Mon lit me servit de refuge à cet instant, mais je savais que même le sommeil ne pourrait me préserver de la colère inassouvie de mon homme. Je tremblais de tout mon être. La sueur me recouvrait intégralement. Mon peignoir était trempé. Dans le salon voisin gisait le corps de ma récréation coupable du jeudi après-midi. Cet amant dont je ne connaissais pas le nom m’avait mise dans de beaux draps. Son odeur de tabac froid n’avait pas quitté ma peau, même après une douche. Evan, rentrant à l’improviste,l’avait étranglé en le trouvant dans mes bras. Il n’y avait pas eu de cri, juste des visages crispés par l’horreur. J’étais restée glacée, incapable d’articuler quoi que ce soit… Puis il était parti balle en tête. Il était revenu encore plus furieux, mais sans se décider à entrer. Une vraie bombe à retardement. Le réveil à ma droite martelait fiévreusement 2h41 et semblait avoir aussi peur que moi. Alors, je me suis mise à prier, pour la première fois depuis des années.
J’avais l’impression d’être à la merci d’un fauve en cage. Qu’aurais-fait ma mère dans une telle situation ? Fuir ? Mais sauter du sixième étage aurait été du suicide. Devais-je appeler un voisin ou mes anciens amis du milieu ? Non. C’était ma faute et je ne devais pas mêler un innocent à ça. Après tout, si je brûlais en enfer, j’aurais de la compagnie. J’entendais la voix de mon père me susurrer de sa voix pleine d’alcool fort quand j’étais enfant : Et de l’enfer naquit un être étrange. Une carapace dorée couverte de cendres. Il exposait son poitrail virevoltant et le vent froid glissait sur lui comme sur le ver des mondes. La poésie était toujours une introduction à une tempête de coups et pourtant j’aimais encore lire. Le seul héritage paternel positif en somme.
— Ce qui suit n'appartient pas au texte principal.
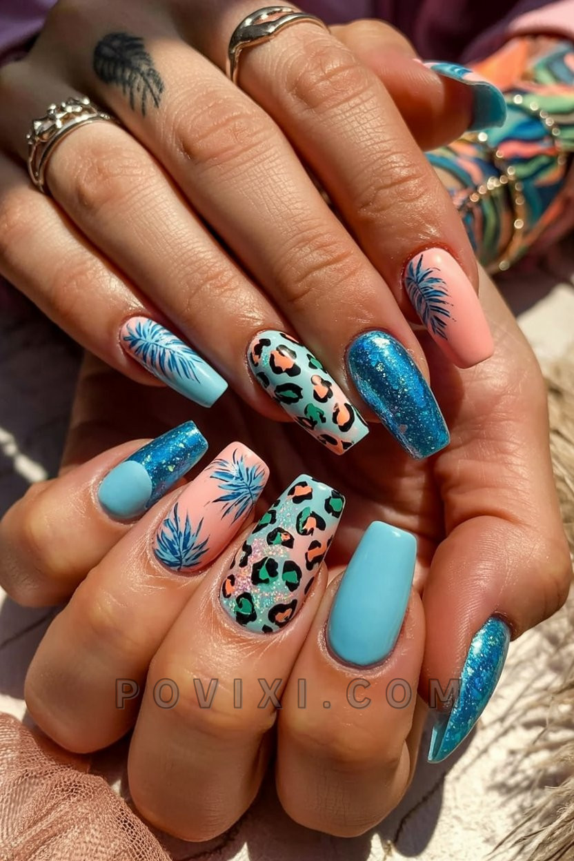 This one’s for the funky soul: vibrant blue glitter, tropical leaf silhouettes, and playful leopard print over candy-colored bases. If your vacation plans include beach bars, island hopping, or dancing under fairy lights, this is the nail vibe for you. The bold square shape enhances the fun of the design while making a fashion-forward statement.

J’entendis ses clés dans la serrure. Il avait finalement pris sa décision, après vingt minutes d’hésitations. J’avais envie de hurler, mais encore une fois, j’étais incapable de produire le moindre son. Je me cramponnais au lit. J’étais une anguille avec une couverture sur le visage. Evan était penché au-dessus de moi. Sa respiration n’avait plus rien d’humaine.
Etait-ce la douleur de mon souffle qui me réveilla ? Ou cette sensation que mes yeux allaient s’ouvrir à la lumière, afin de m’aveugler une dernière fois. Où étais-je ? Ma souffrance n’avait d’égale que la puanteur qui emplissait les lieux. Où étais-je ? Ma toux asthmatique m’indiquait que j’avais plusieurs côtes cassées. Un bourdonnement enflait près de moi. Je pouvais à peine bouger. Je m’égosillais en voyant des dizaines de mouches dévorer sans relâche le cadavre d’Evan. J’étais déjà morte. Mon amour était passé à moitié à travers le pare-brise et une balle était plantée dans son cou. Nous étions visiblement dans un ravin, la Ford avait dû faire des tonneaux. L’aube se levait sur un bain de sang. Une buée couvrait les vitres de l’auto. J’apercevais toutefois des rangées d’arbres non loin. J’essayais de m’extraire de la carcasse en faisant des tractions. Quelle était cette force qui me poussait toujours à continuer ? Pourquoi m’avoir fait connaître ça ? Dans cette agonie dégueulasse, je me suis remise à prier, bien avant de chercher un portable.